The Court concludes that the proposed stay would enhance the "orderly course of justice." Defendant contends that the system it uses to send text messages is not an ATDS in part because its equipment does not have the capacity to generate or dial random or sequential numbers. (Mot. at 9 ("Six Continents does not use equipment that has the capacity to dial numbers randomly or sequentially."); Reeves Decl. ¶ 5 (noting that Defendant's system "cannot initiate a reservation confirmation text message without an underlying reservation being created [by the customer].").) Thus, whether Plaintiff must prove the lack of current capacity or the lack of potential capacity to generate or dial such numbers is critical to the outcome of this case—and is the precise issue that the D.C. Circuit is now deciding.
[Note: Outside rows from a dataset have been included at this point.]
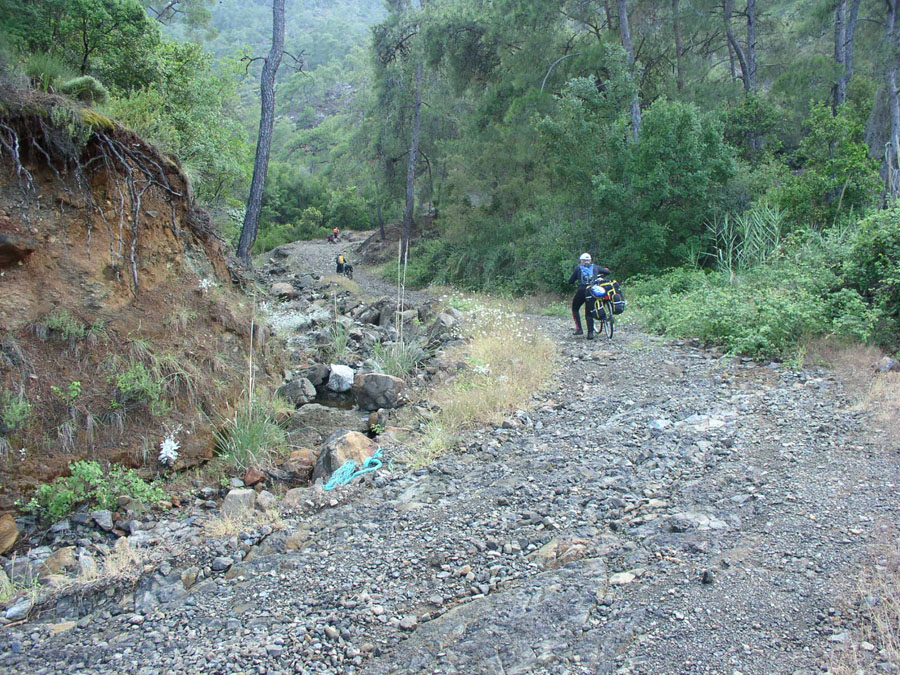 Seliff: Утром я встал в 6.00, сходил вниз по пешему маршруту, который ведет к морю. Местный говорил, что-то про 9 километров, прошел метров 300 и вернулся назад, так как понял, что с велами, груженными, мы не пройдем. Подняв остальных, приготовили крицу (4 окорочка сварил) 1 пожарили, собрались, поели и начали подниматься. Я пройдя немного, решил поднимать по отдельности вел и штаны. Что и было проделано, правда, мне получилось поднять только вел, а штаны помог поднять Алексей. В общем, вырвались опять на нормальную дорогу и решили ехать в Каш , более-менее крупный городок. Правда, по 400-ой не поехали, а поехали по второстепенной параллельно основное и в горы не надо было ползти. На самом деле второстепенная дорога оказалась с нехилыми перепадами высот и весь день, прокрутив педали и не доехав до Каша километров 15, свернули с дороги, и поговорив с местным пастухом Мустафой, поставили палатки. Покушали бутерброды, сил и воды готовить не было, и отбиваясь от местной фауны (жуки, пауки, двухвостки, огромные комары и т.д.) залегли спать, проехали в этот день 45 км., а по ощущениям, все 150.
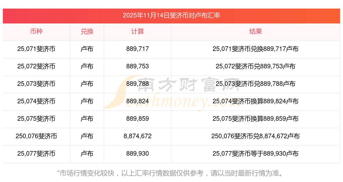 匯率新調(diào)整 14斐濟幣兌換盧布匯率行情? 2025/11/14
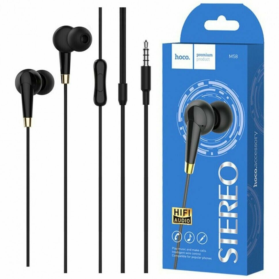 Отзывы на Наушники вкладыши с микрофоном Hoco M58 Amazing Black, мобильная гарнитура, черные
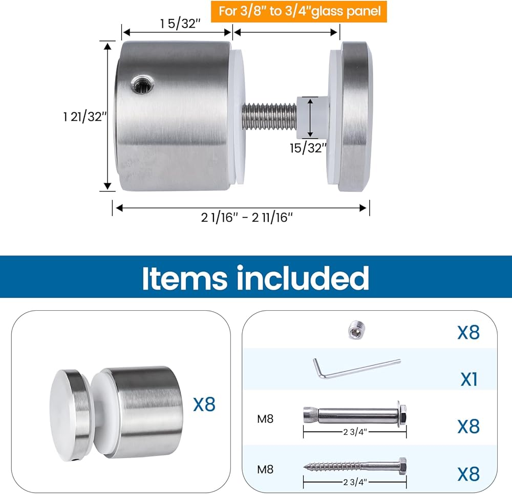 Large adjustment range - The glass standoff screw is designed to clamp glass with a simple look. Suitable for glass panel from 3/8'' to 3/4'' (10mm to 19mm)
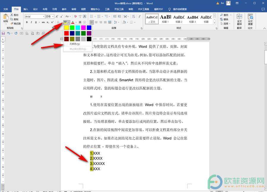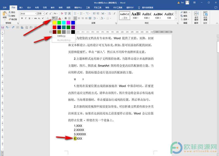 以上是为您收集整理的【Word自动编号上有颜色填充怎么去掉】办公软件教程的全部内容,希望文章能够帮你了解办公软件教程Word自动编号上有颜色填充怎么去掉。
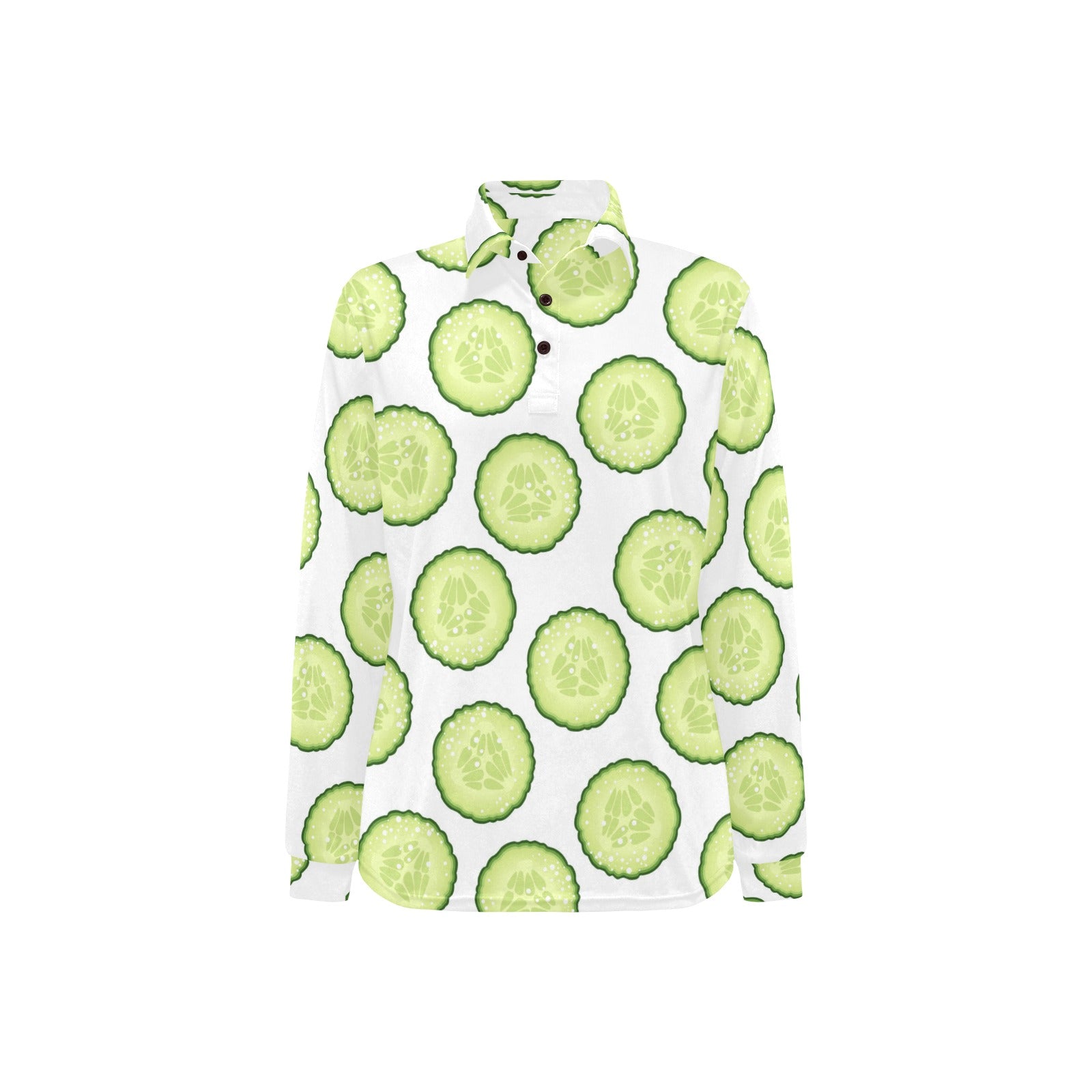 Cucumber slices pattern Women's Long Sleeve Polo Shirt
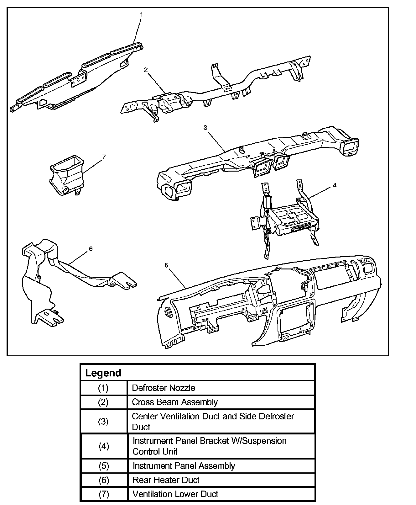 Rear Heater Duct, Defroster Nozzle, Ventilation Duct And Associated Parts:
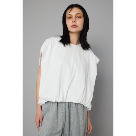 ツルッとした清涼感のある素材を使用したトップスややAラインで裾はバルーンになっています。肩周りの仕様など細部にまでこだわった一枚。同素材でパンツ(530IST81-1721 Balloon cut relax pants)の作りもあるため、セットアップでの着用もおすすめです。肌触りの良いストレッチの効いたナイロンスムースを使用しています。バルーンヘムカットトップス[注意事項] ※画像の商品はサンプルです。実際の商品と仕様、加工が若干異なる場合があります。 ※画像の商品は光の照射や角度、お使いのモニター環境により、実物と色味が異なる場合がございます。 ※着用、お取り扱いの際は、アテンションタグをご確認ください。
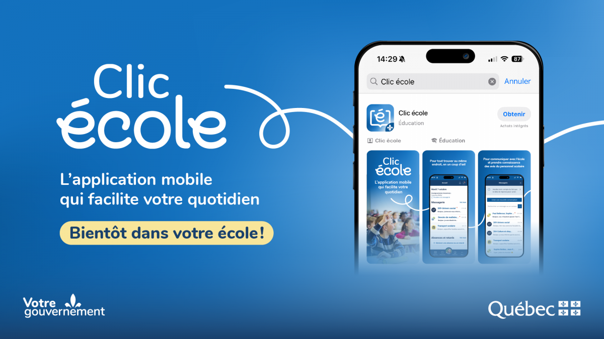 Son déploiement se fera de manière progressive dans l’ensemble des écoles publiques du Québec au cours de l’année scolaire 2025-2026. Clic école représente d’ailleurs l’évolution technologique de l’actuelle application mParent, en réunissant, dans un même outil convivial, les fonctions essentielles pour soutenir la communication entre les écoles et les familles.
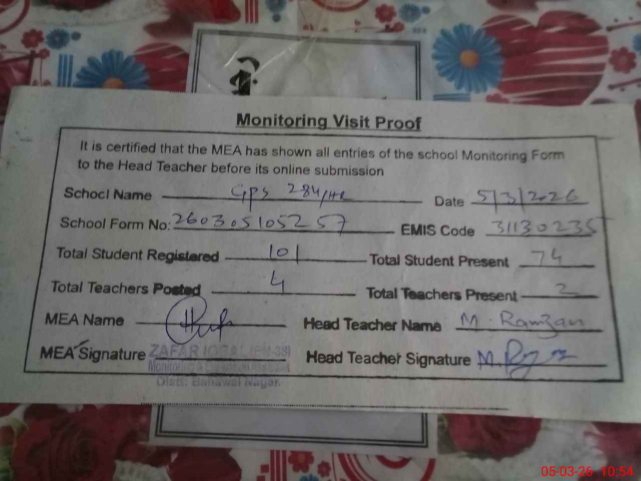 | Attendance Register | Head Teacher | MEA with School | Visit Proof |
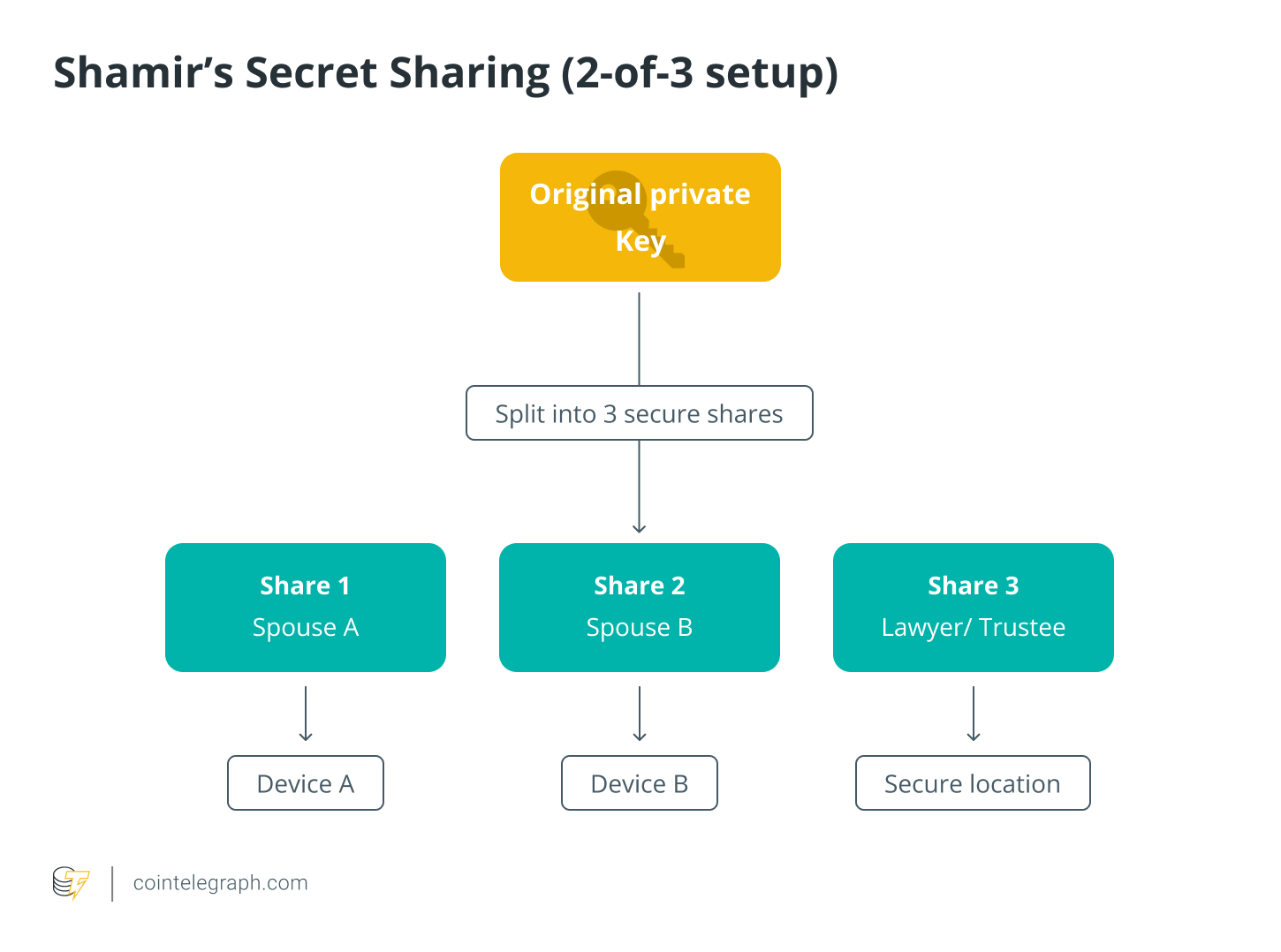 This cryptographic method lets you divide a private key into several “shares.” You can then specify how many of those shares are needed to reconstruct the original key.
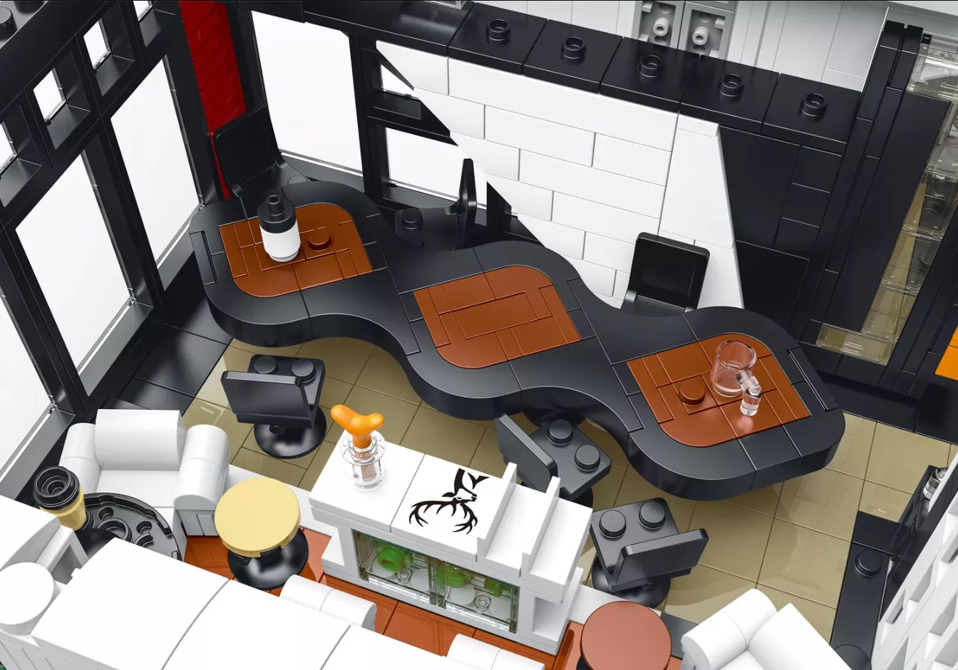 Mork setzt seine Kooperation mit dem MOC-Designer Oh So Jang, ein echten Star der Szene, mit diesem wunderschön im Barock-Stil gestaltetem Seafood-Restaurant weiter fort. Dieses Flying Lobster getaufte Gebäude überzeugt durch seine komplexe, barocke Fassade und ein hohes Maß an Modularität. Der Innenraum strotzt nur so vor Details: Sei es die aufwendig gestaltete Bar im ersten Obergeschoss (welches sich zudem aufklappen lässt), oder die idyllisch gestaltete Dachterasse mit Holzkohle-Grill; die Detail-Verliebtheit des Designers ist auf jedem Quadrat-Milimeter zu erkennen. Der Bau ist mit seinem großen Umfang, den 4132 Teile so mit sich bringen, nichts für komplette Einsteiger, mit ein bisschen Erfahrung und Geduld bietet das Set jedoch mehrere Abende gefüllt mit tollem Bauspaß. Die Bauabschnitte sind relativ umfangreich. Das Set beinhaltet 26 bedruckte Teile.
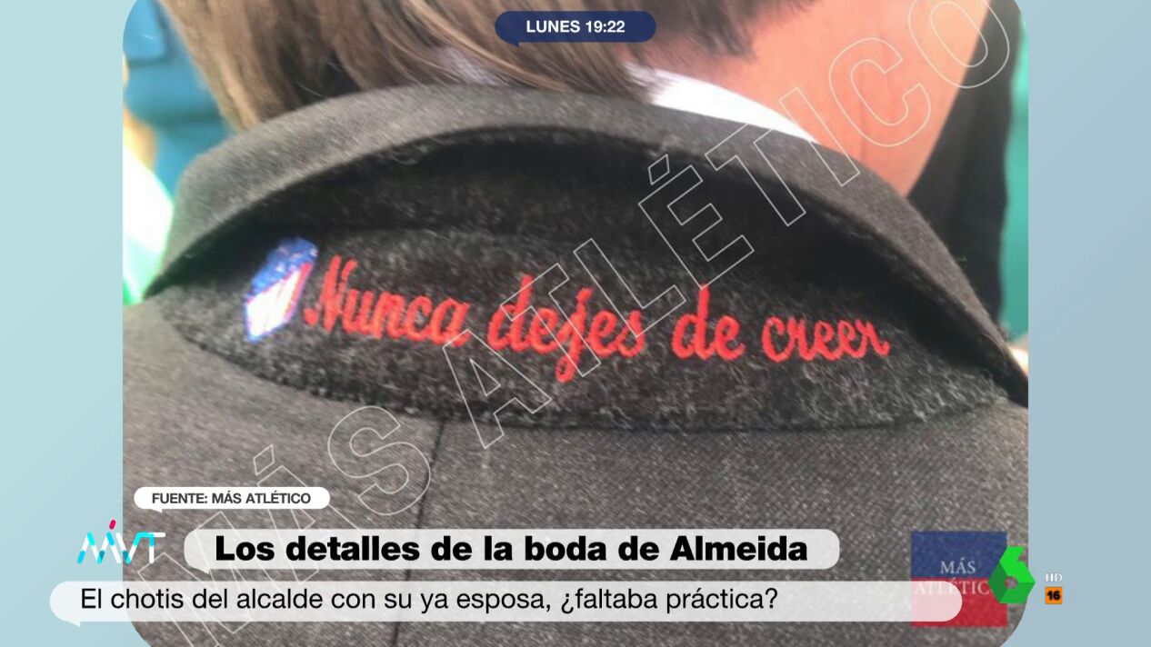 El mensaje oculto en el traje de novio de Almeida en homenaje al Atlético de Madrid
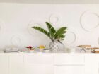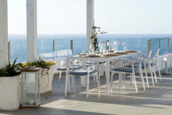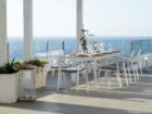 La grande veranda è la continuazione di una sala luminosa ed elegante, i tavoli a bordo della piscina principale e godono di un panorama mozzafiato sul mare infinito.
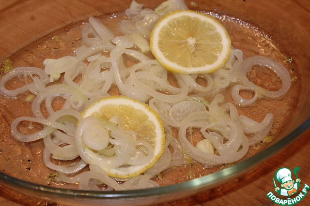 Лук нарезать кольцами. В форму, подходящую для использования в микроволновой печи, налить пару ложек оливкового масла, добавить масло сливочное. Плоской стороной ножа раздавить 2 зубчика чеснока. Пассировать лук с чесноком 1 минуту на максимальной мощности, перемешать и пассировать еще минуту. Выложите на луковую подушку пару колец лимона.

In addition, the Court notes that only a circuit court may invalidate FCC interpretations, and that such invalidation must be on direct review from the FCC's final order. See 28 U.S.C. § 2342(1); 47 U.S.C. § 402(a); US W. Commc'ns, Inc. v. Hamilton, 224 F.3d 1049, 1054 (9th Cir. 2000). Accordingly, district courts lack jurisdiction to ignore or invalidate FCC rulings interpreting the TCPA. Luna v. Shac, LLC, 122 F.Supp.3d 936, 939 (N.D. Cal. 2015). The D.C. Circuit's ruling will therefore be determinative of the law that this Court must apply to this issue. This factor thus clearly weighs in favor of a stay.
The Court finds that these two factors also favor a stay. Oral argument on the appeal occurred over two months ago, and thus the stay is unlikely to exceed four to six months from today's date.